◆ Data for this task

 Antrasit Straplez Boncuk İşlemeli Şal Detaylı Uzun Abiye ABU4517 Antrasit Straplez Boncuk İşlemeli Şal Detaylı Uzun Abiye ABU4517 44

--

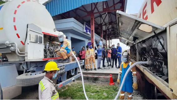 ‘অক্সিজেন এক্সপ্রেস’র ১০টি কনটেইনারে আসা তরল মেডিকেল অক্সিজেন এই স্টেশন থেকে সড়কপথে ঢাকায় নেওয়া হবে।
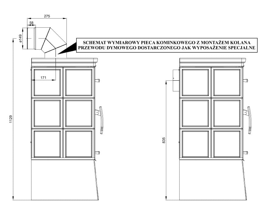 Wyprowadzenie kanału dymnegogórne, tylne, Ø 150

---

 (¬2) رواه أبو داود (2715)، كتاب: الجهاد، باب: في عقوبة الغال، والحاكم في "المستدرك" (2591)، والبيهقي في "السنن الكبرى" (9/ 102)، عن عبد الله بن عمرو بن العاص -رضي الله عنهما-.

◆ Task prompt
Your reply is to be an exact repeat of the listing above from the line holding "ঢাকায় নেওয়া হবে।" down to the line holding "Wyprowadzenie kanału dymnegogórne, tylne, Ø", ends included, pictures excluded.

◆ Problem solution
 ‘অক্সিজেন এক্সপ্রেস’র ১০টি কনটেইনারে আসা তরল মেডিকেল অক্সিজেন এই স্টেশন থেকে সড়কপথে ঢাকায় নেওয়া হবে।
 Wyprowadzenie kanału dymnegogórne, tylne, Ø 150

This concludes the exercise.